I am having a chronic problem with IotEdgeMetricsCollector. It will work for several months, and all of the sudden it will stop working with the following log entries bellow. Removing the docker container and forcing IotEdge to recreate solves the problem.

[2023-08-18 07:47:18.810 INF] Started operation Reconnect to IoT Hub
[2023-08-18 07:47:18.828 INF] Started operation Scrape and Upload Metrics
[2023-08-18 07:48:18.833 INF] Starting periodic operation Scrape and Upload Metrics...
[2023-08-18 07:48:18.833 INF] Starting periodic operation Reconnect to IoT Hub...
[2023-08-18 07:48:18.862 INF] Scraping endpoint http://edgeHub:9600/metrics
[2023-08-18 07:48:18.864 INF] Trying to initialize module client using transport type [Amqp_Tcp_Only]

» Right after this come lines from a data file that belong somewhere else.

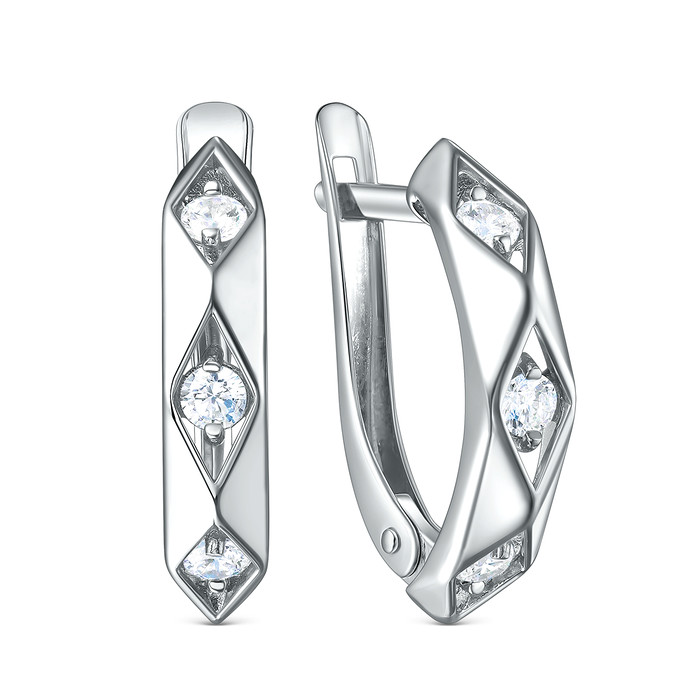 Серьги из серебра с фианитами родированные 925 пробы 421-10-752р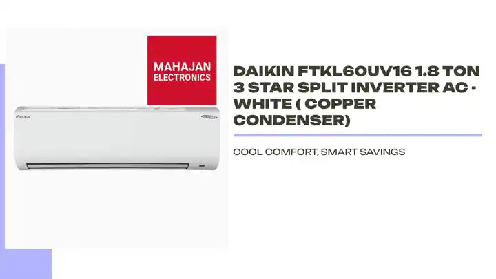 The Daikin FTKL60UV16 1.8 Ton Inverter AC combines powerful cooling, energy efficiency, and air purification to create the perfect indoor climate. Order today from Mahajan Electronics and enjoy premium cooling comfort all year round.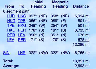 I booked one of these tickets and flew an epic trip last year, making huge savings on both what the cash price would have been (£20,000!) and the Avios cost had I have booked the segments separately. The routing was LHR-HKG-TPE-HKG-PER-LEA-PER overland SIN-LHR with a total mileage of 18,851.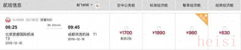11月底,四川航空正式推出经济舱品牌运价体系。品牌运价体系区别于传统的定价体系,是将经济舱进一步分级,按照服务定价。比如四川航空北京-成都航线,经济舱分为三个等级,标准经济舱、智享经济舱和经典经济舱,价格分别为1990元、980元、630元,价格差距不小,旅客享受的权益也不同。其中标准经济舱退票,最高收取票价15%费用,变更免费,可累积2456里程;与标准经济舱价格相差1360元的经典经济舱,退票则最高收取票价90%费用,变更最高收取票价70%费用,不能累积里程。
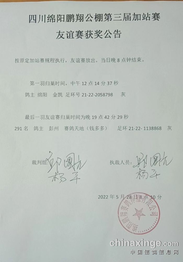 四川鹏翔公棚第二关预赛上笼数据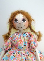 Сшита из бязи, наполнитель синтепух и холлофайбер. Платьице из 100% хлопка для пэчворка, крылышки из органзы.

[2023-08-18 07:48:18.995 INF] Scraping endpoint http://edgeAgent:9600/metrics
[2023-08-18 07:48:18.997 INF] Scraping endpoint http://IotEdgeEcoView:9600/metrics
[2023-08-18 07:48:19.332 INF] Scraping finished, received 37 metrics from endpoint http://IotEdgeEcoView:9600/metrics
[2023-08-18 07:48:19.351 INF] Scraping finished, received 60 metrics from endpoint http://edgeHub:9600/metrics
[2023-08-18 07:48:19.357 INF] Scraping finished, received 141 metrics from endpoint http://edgeAgent:9600/metrics
[2023-08-18 07:48:22.700 INF] Successfully created self-signed certificate for agentGuid : {3f26d4e0-64b6-46c3-8bea-e0540a3b3aa0} and workspace: 61ca6587-9689-4c80-acc4-58f22c2676c9
[2023-08-18 07:48:22.710 INF] OMS endpoint Url : https://61ca6587-9689-4c80-acc4-58f22c2676c9.oms.opinsights.azure.com/AgentService.svc/AgentTopologyRequest
[2023-08-18 07:48:22.714 INF] sending registration request
[2023-08-18 07:48:22.720 INF] waiting for response to registration request
[2023-08-18 07:48:27.808 INF] OMS endpoint Url : https://61ca6587-9689-4c80-acc4-58f22c2676c9.oms.opinsights.azure.com/AgentService.svc/AgentTopologyRequest
[2023-08-18 07:48:27.810 INF] sending registration request
[2023-08-18 07:48:27.810 INF] waiting for response to registration request
[2023-08-18 07:48:32.828 INF] OMS endpoint Url : https://61ca6587-9689-4c80-acc4-58f22c2676c9.oms.opinsights.azure.com/AgentService.svc/AgentTopologyRequest
[2023-08-18 07:48:32.828 INF] sending registration request
[2023-08-18 07:48:32.828 INF] waiting for response to registration request
[2023-08-18 07:48:37.856 INF] OMS endpoint Url : https://61ca6587-9689-4c80-acc4-58f22c2676c9.oms.opinsights.azure.com/AgentService.svc/AgentTopologyRequest
[2023-08-18 07:48:37.856 INF] sending registration request
[2023-08-18 07:48:37.856 INF] waiting for response to registration request
[2023-08-18 07:48:42.875 WRN] exception occurred : One or more errors occurred. (Resource temporarily unavailable (61ca6587-9689-4c80-acc4-58f22c2676c9.oms.opinsights.azure.com:443))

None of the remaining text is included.